Die Zukunft einiger Bündner Alpen ist unsicher

Ein effektiver Herdenschutz sei nicht immer möglich, sagt Curdin Foppa von der Fachstelle für Alpwirtschaft in der neusten Ausgabe des «Bündner Bauer». Er macht klar, dass in Zukunft einige Alpbetriebe aufgeben werden. Diese Einschätzung teilt man auch beim WWF.

Hütehund

Bildlegende: Hütehunde können Schafe vor dem Wolf schützen. Keystone

«Seitdem die Grossraubtiere Wolf und Bär unsere Alpen durchstreifen oder sogar als Rudel heimisch geworden sind, ist mit einer neuen, unberechenbaren Gefahr zu rechnen». So schreibt es Curdin Foppa von der Fachstelle für Alpwirtschaft im neusten «Bündner Bauer».

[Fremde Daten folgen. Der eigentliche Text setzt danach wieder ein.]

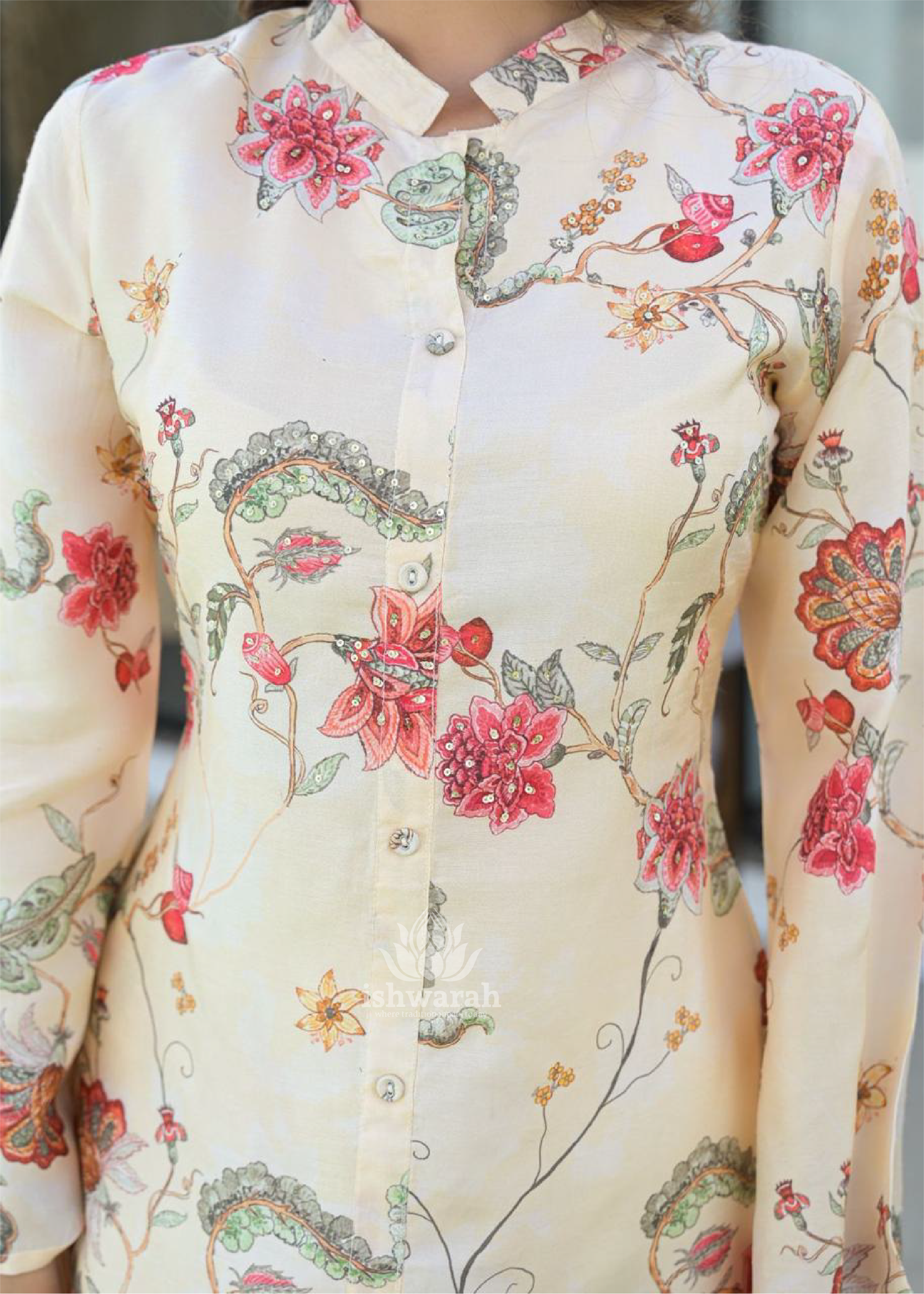 A whisper of tradition, tailored for today. Varnika embodies the spirit of Sanskrit elegance in a contemporary silhouette—perfectly poised between East and effortless. Crafted in breezy cotton silk, this two-piece co-ord set brings together structured tailoring with hand-drawn-style floral prints that echo the brushstrokes of a bygone miniature painting. |
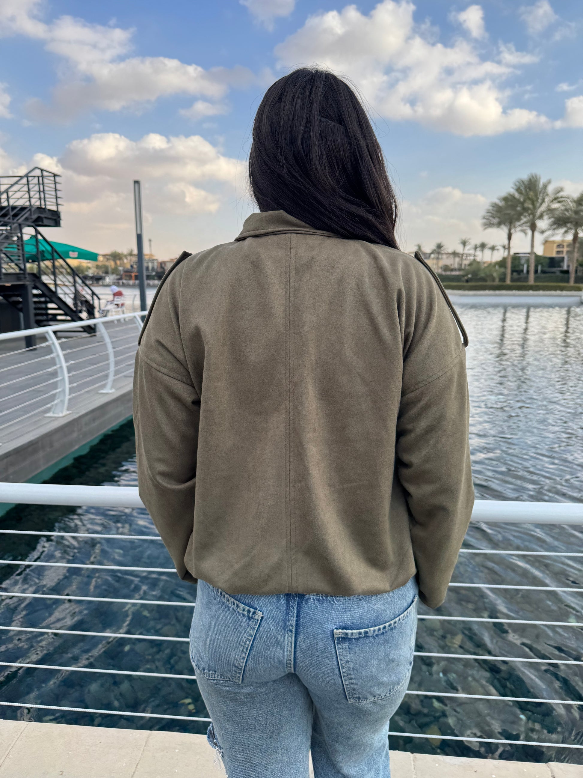 Crafted from soft genuine suede, the Suede Utility Jacket offers a refined balance of structure and ease. Designed with a relaxed yet tailored silhouette, it sits comfortably at the waist to create a flattering, modern shape. The natural suede texture adds depth and sophistication, while the clean collar and snap-button front closure deliver a timeless, polished finish.
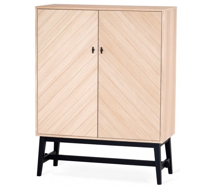Bedrock highboard i egetræsfinér og træ H125 x B95 cm - Sort/Hvidolieret eg
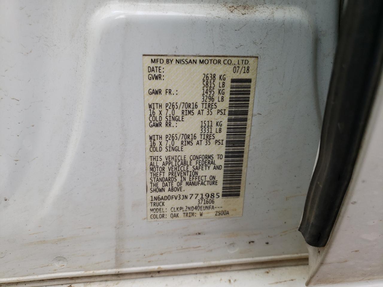 Колір БілийЦиліндри 6Привід 4x4 з заднім приводомVIN 1N6AD0FV3JN771985Стан Заводиться та їде (перевірено)Ушкодження Передня або задняДата аукціону 2025-12-12 AutoRIA
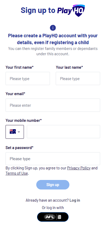 Follow these steps to create a PlayHQ account using AFLiD
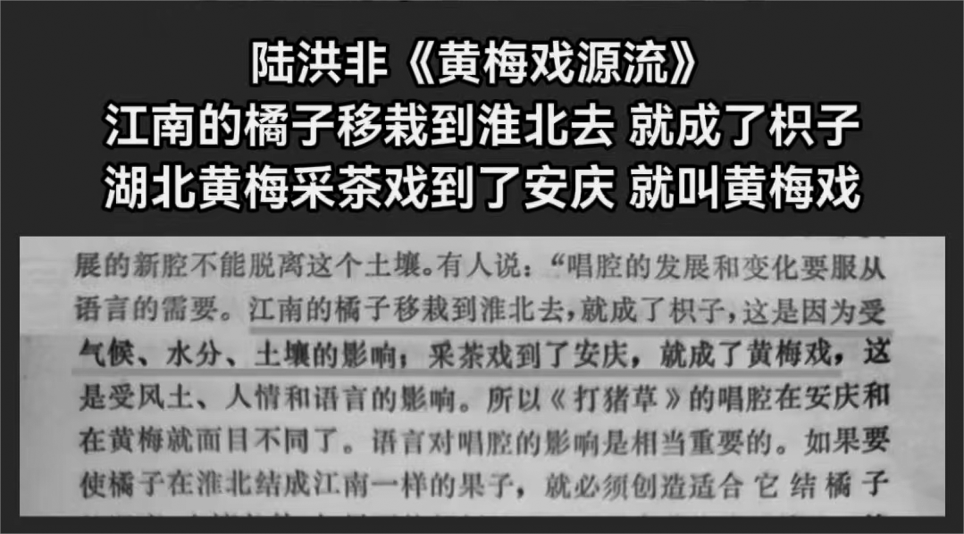 著名黄梅戏剧作家陆洪非(1923—2007)在论著《黄梅戏源流》中写道:“江南的橘子移栽到淮北去,就成了枳子,这是因为受气候、水分、土壤的影响;采茶戏到了安庆,就成了黄梅戏,这是受风土、人情和语言的影响。”
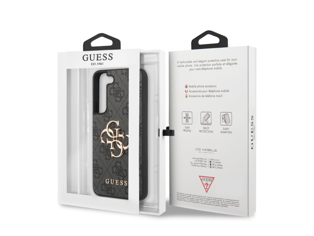 Guess PU 4G Metal Logo Zadní Kryt pro Samsung Galaxy S23 Grey
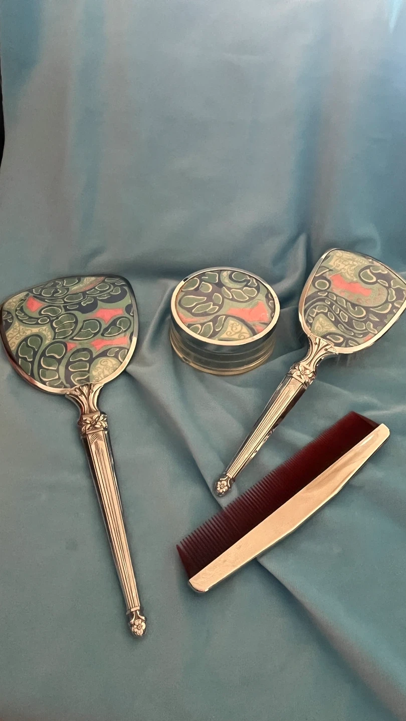 This vintage vanity set includes a hand mirror, a hairbrush, a comb, and a decorative powder case. Each piece features a stylish silver-toned handle and a colourful inlay with a retro pattern. The hairbrush has natural bristles.
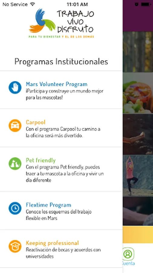 Designed for all Mars Petcare Mexico Associates, this tool presents all activities and resources that are part of the Work Live I Enjoy program. Through articles and videos the associates will be able to select different areas of development such as conscious feeding, intellectual strategy, physical activation, among others. In the section institutional programs will know the benefits and requirements to be part of them. They will be able to know the most relevant news and events of the organization.
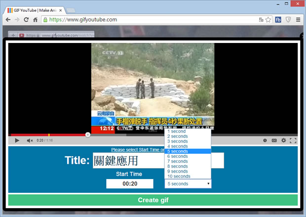 首頁線上工具影像繪圖 GifYouTube 線上將 YouTube 影片轉成 GIF 動畫 Google 的 YouTube 影音分享網站,其影片內容包羅萬象,是很多人搜尋資料、影片發表、休閒娛樂的最佳去處,想要分享影片,YouTube 網站有提供相當便捷內崁影片到網頁的語法,不過那是一整部影片,對只想分享片段的使用者來說,也可以試試利用 GifYouTube 這個免費的將 YouTube 影片轉成 GIF 動畫線上服務,可自選影片的錄製開始時間及其所限定的錄製秒數,簡單好用。 🔔 不錯過任何精彩! 立即訂閱我們的 LINE 官方帳號 每次發佈新文章時,您將會第一時間收到本站文章連結通知,輕鬆掌握最新資訊! 使用 LINE 追蹤文章更新 §相關文章,還可以參閱:跟著做就會!教你用 ChatGPT 製作具職業形象的漫畫風頭像Put!所見即所得的 AI 提示詞圖庫:讓你看著範例圖,複製就能做出同級作品Google 親自示範:Nano Banana AI 圖像編輯工具的 13 個熱門玩法照片角度不滿意?AI 幫你調整!3D Camera Control 讓舊照片任意變換視角Meta AI 免費帳戶也能用 Midjourney!無限生成 AI 圖片,台灣可用 如何使用GifYouTube 將 YouTube 影片轉成 GIF 動畫? 1.使用瀏覽器進入 GifYouTube 網站,將 YouTube 影片網址貼到輸入框中後,點擊[CREATE GIF]。 2.接下來就會出現該影片的資訊,輸入 Title、使用滑鼠拖動影片進度條來設定錄製開始時間(Start Time),緊跟其後的下拉式選單,可選要錄製的秒數,設定好之後,可在影片處看出效果,無誤後,點擊[Creat gif] 。 3.完成錄製後,可分享或在圖片上按滑鼠右鍵來下載該 GIF檔案。 4.以上所過程錄製的 Gif 檔案。 GifYouTube網站網址:https://www.gifyoutube.com/
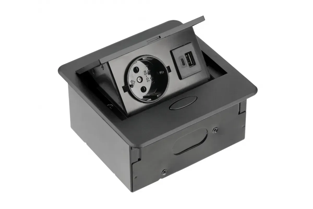 Встраиваемая мебельная розетка GTV AVARO, 1x розетка Schuko, USB A+C, кабель 1,5м, черная AE-PB1SAVA-20N
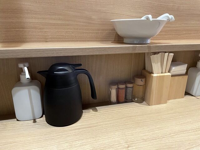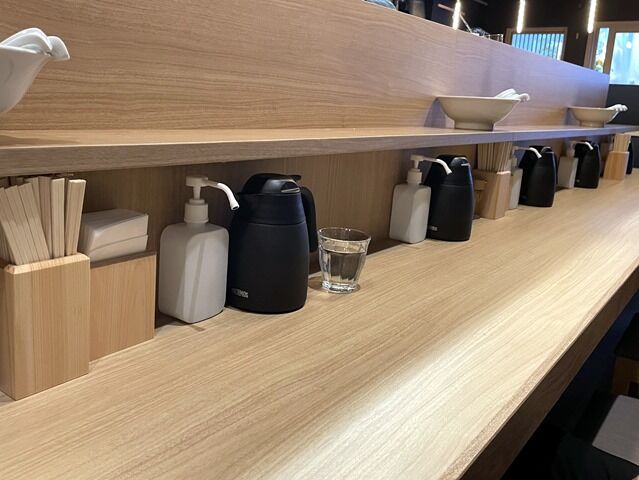 店内は厨房を囲むL字型カウンター9席(6・3)。しろ八時代の面影はなくフルリフォームされて割烹の様。消毒液は券売機横と卓上に配置。
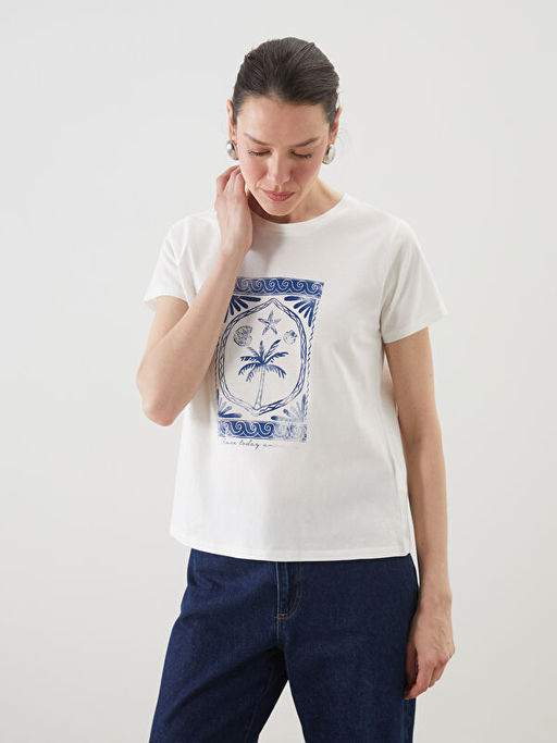 Bisiklet Yaka Bask?l? Kad?n Ti??rt
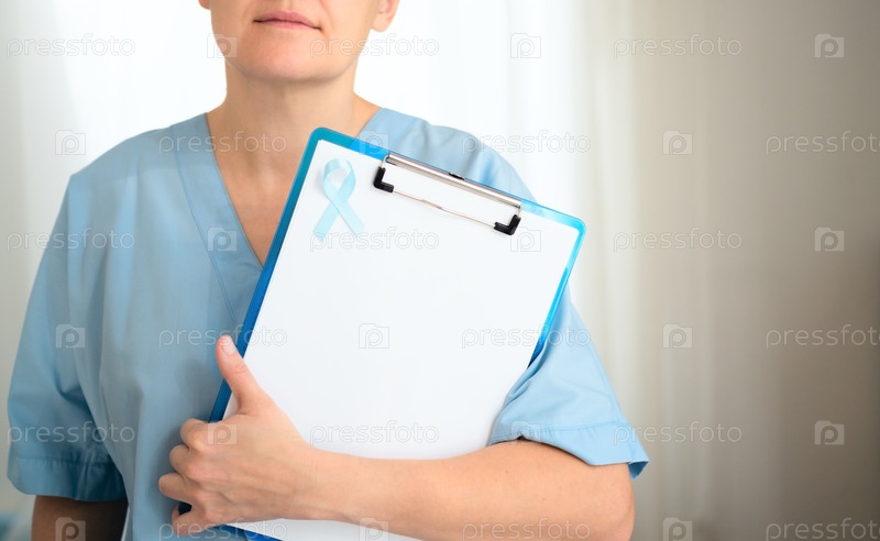 Женщина-медицинский работник с книжной доской и синей лентой
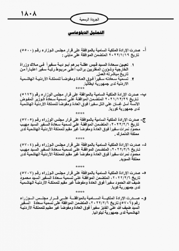 كما صدرت الإرادة الملكية بالموافقة على تسمية السفير مهيب محمود النمرات سفيرا فوق العادة ومفوضا غير مقيم للأردن لدى السويد.
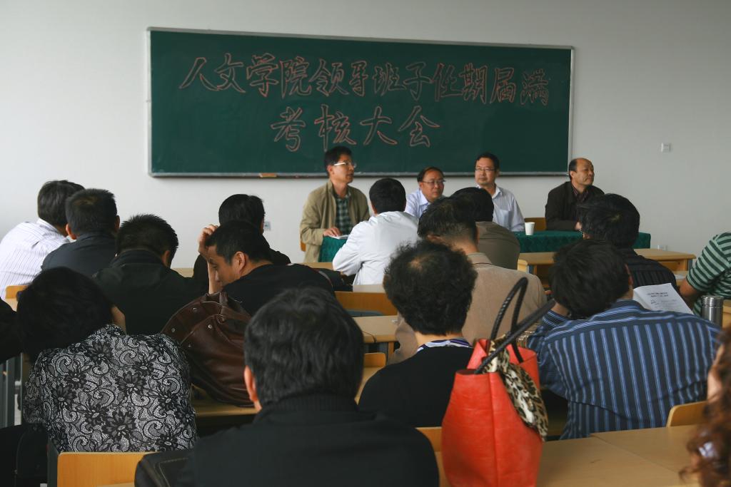 领导班子任期届满考核暨教职工大会在A区文科楼406教室召开。校领导李伟副校长,校第二考核组组长、校纪检委杜国华副书记及其成员,人捕鱼大作战
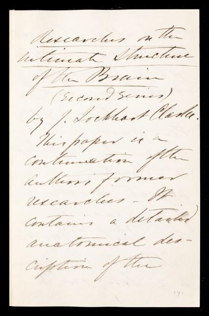 Referee's report by William Sharpey, on a paper 'Researches on the intimate structure of the brain.—Second series' by Jacob Augustus Lockhart Clarke
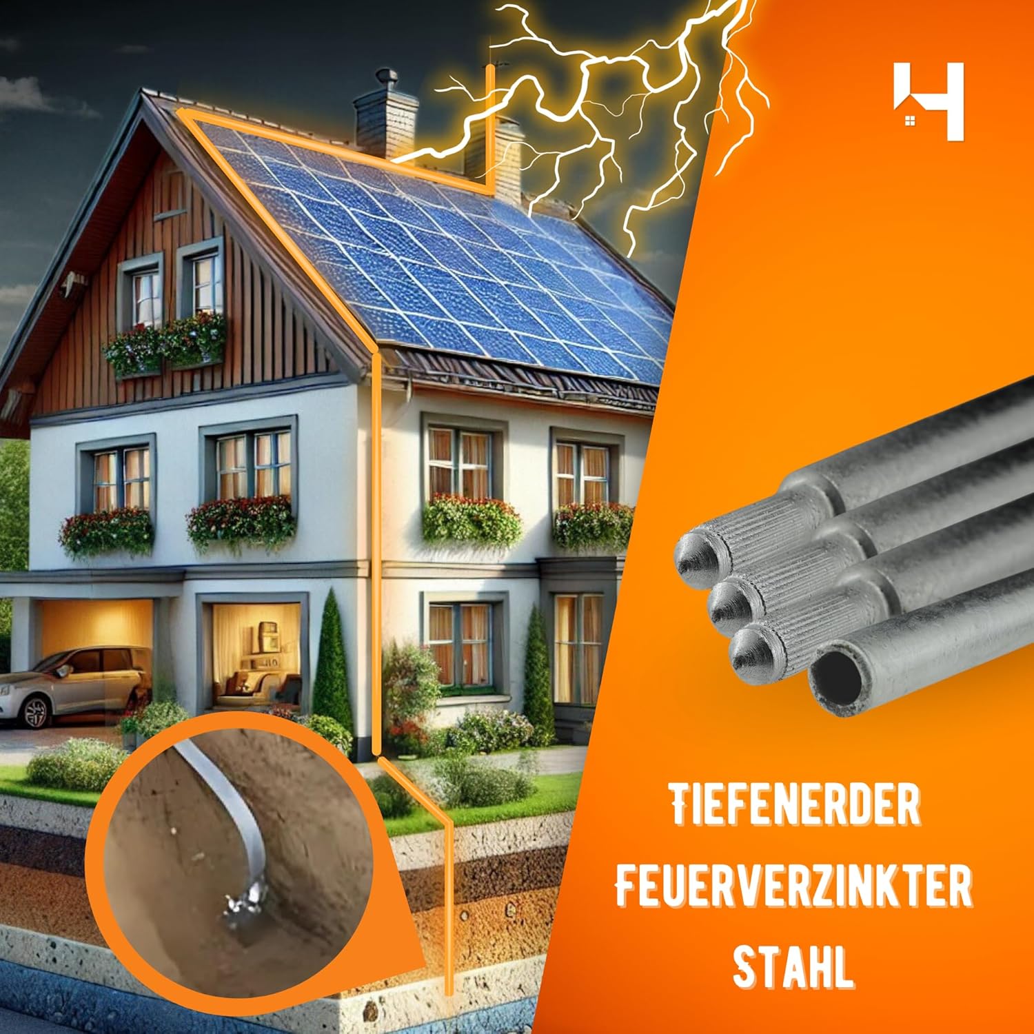 Der vertikale Erdungsstab aus feuerverzinktem Stahl mit einer Länge von 1,5 m und einem Durchmesser von 16 mm ist eine zuverlässige Lösung für lokale Erdungen in Blitzschutz, Elektro und Industrieanlagen.
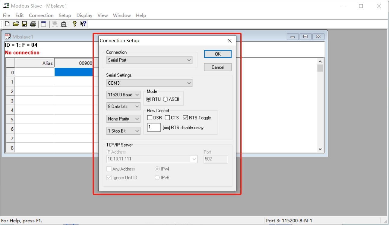 将机器人端485线接好,目前波特率为115200,助手端连接对应设置参数即可,如下图所示
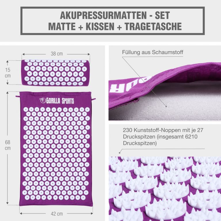 Akupresúrna podložka je masážna podložka, ktorá vychádza zo starej čínskej tradície a môže pomôcť uvoľniť blokády a znížiť bolesť. Špičky, ktoré majú rovnaký účinok ako fakírska doska, podporujú prekrvenie prostredníctvom cielenej masáže. Akupresúrna podložka v rôznych farbách je ideálna pre každého, kto si chce len oddýchnuť. Po náročnom dni v práci alebo náročnom tréningu zaistia tvrdé plastové nopky silné prekrvenie a s tým spojené uvoľnenie najmä chrbtových a šijových svalov.
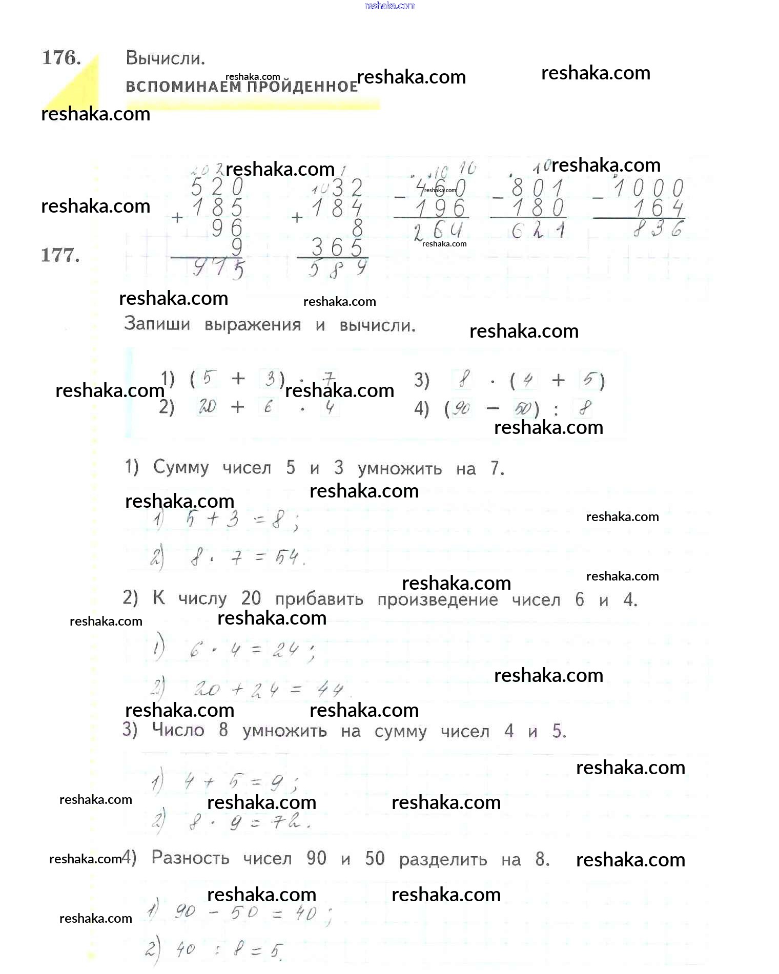 Решака - онлайн ответы Математика Рудницкая, Юдачева за 3 класс Рабочая тетрадь ФГОС 2017 - 177
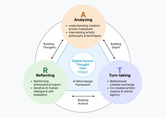 연구에는 두을 AI의 'Project SYN-METHEUS(프로젝트 신-메테우스)' 프레임워크가 적용됐다. 핵심 시스템인 디지털 휴먼 사고 트윈 'HIGGS'는 A.R.T. 프로세스(Analyzing·Reflecting·Turn-taking)를 바탕으로 인간과 실시간 상호작용하며 사고와 창작을 확장하도록 설계됐다.
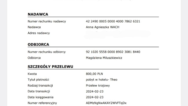 Przelew za transport do hotelu:

Er macht klar, dass Herdenschutz nicht auf allen Alpen funktioniert. Er lässt auch durchblicken, dass deshalb einige Alpen aufgeben werden. Dies bestätigt auch Anita Mazetta vom WWF. Für sie hat diese Entwicklung aber nicht nur mit dem Wolf und dem Bären zu tun. Die Alpwirtschaft sei einer Umwälzung, einem Strukturwandel ausgesetzt.

Was passiert wenn weniger Alpen bestossen werden?

Über die Auswirkungen sind sich die Fachleute nicht einig. Beim Kanton sorgt man sich um die Kulturlandschaft. Wenn weniger Alpen bestossen würden, müsse man mit einer schnellen Verbuschung und Verwaldung rechnen. Darin nicht nur Nachteile sieht man beim WWF. Anita Mazetta sagt im «Regionaljournal Graubünden» von Radio SRF: «Es gibt nicht nur die Interessen der Landwirtschaft, es gibt auch die Interessen des Wildes und des Waldes».